When an external event such as a purchase transaction, public offering or subsequent equity sale occurs, we use the pricing indicated by the external event to corroborate our valuation. We record decreases in the market values or fair values of our investments as unrealized depreciation. Declines in prices and liquidity in the corporate debt markets may result in significant net unrealized depreciation in our portfolio. The effect of all of these factors on our portfolio may reduce our net asset value by increasing net unrealized depreciation in our portfolio. Depending on market conditions, we could incur substantial realized losses and may suffer additional unrealized losses in future periods, which could have a material adverse effect on our business, financial condition, results of operations and cash flows.

 

We are a non-diversified investment company as defined under the 1940 Act, and therefore we are not limited with respect to the proportion of our assets that may be invested in securities of a single issuer.

 

We are classified as a non-diversified investment company as defined under the 1940 Act, which means that we are not limited by the 1940 Act with respect to the proportion of our assets that we may invest in securities of a single issuer.

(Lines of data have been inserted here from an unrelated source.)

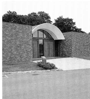
▲ 製作体験ができる工芸館 人気の「四季の里」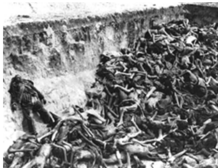
En zanjas y campos yacían los cadáveres de la población masacrada, en su mayoría niños y mujeres.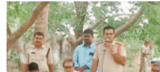
గోపాల్ పేట మండలంలో..

అలవర్చుకోవాలన్నారు. అనంతరం డ్రగ్స్, మాదక ద్రవ్యాల వల్ల కలిగే అనర్థాలపై విద్యార్థులకు వ్యాసరచన పోటీలు నిర్వహించారు. కార్యక్రమంలో పాన్ గల్, డివిజన్, ఉపాధ్యాయుడు శ్రీనివాసలు తదితరులు ఉన్నారు.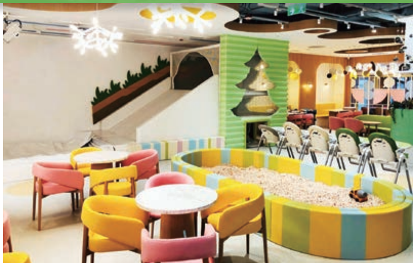
We Go MALL之智寶星親子餐廳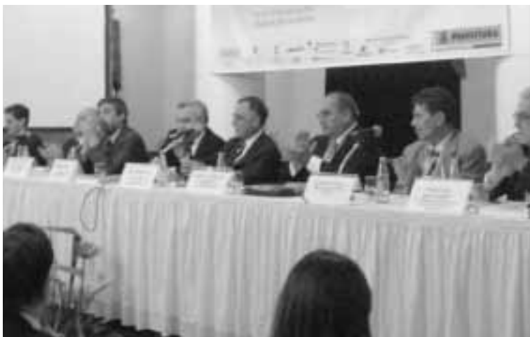
Ayuntamiento de Zaragoza

La importancia de la presidencia zaragozana del CIDEU se incrementa notablemente al coincidir en su primer año con la designación de la ciudad que acogerá la Exposición Internacional de 2008. Precisamente, la Asamblea General aprobó una declaración específica de apoyo a la candidatura de Zaragoza.

Beyond the asset diversification requirements associated with our qualification as a RIC under the Code, we do not have fixed guidelines for diversification. To the extent that we assume large positions in the securities of a small number of issuers or our investments are concentrated in relatively few industries, our net asset value may fluctuate to a greater extent than that of a diversified investment company as a result of changes in the financial condition or the market’s assessment of the issuer. We may also be more susceptible to any single economic or regulatory occurrence than a diversified investment company.

 

Our failure to make follow-on investments in our portfolio companies could impair the value of our portfolio.

 

Following an initial investment in a portfolio company, we may make additional investments in that portfolio company as “follow-on” investments, in seeking to:

 

  increase or maintain in whole or in part our position as a creditor or equity ownership percentage in a portfolio company;
       
  exercise warrants, options or convertible securities that were acquired in the original or subsequent financing; or
       
  preserve or enhance the value of our investment.

 

We have discretion to make follow-on investments, subject to the availability of capital resources. Failure on our part to make follow-on investments may, in some circumstances, jeopardize the continued viability of a portfolio company and our initial investment, or may result in a missed opportunity for us to increase our participation in a successful operation. Even if we have sufficient capital to make a desired follow-on investment, we may elect not to make a follow-on investment because we may not want to increase our level of risk, because we prefer other opportunities or because we are inhibited by compliance with BDC requirements of the 1940 Act or the desire to maintain our qualification as a RIC. Our ability to make follow-on investments may also be limited by House Hanover’s allocation policy.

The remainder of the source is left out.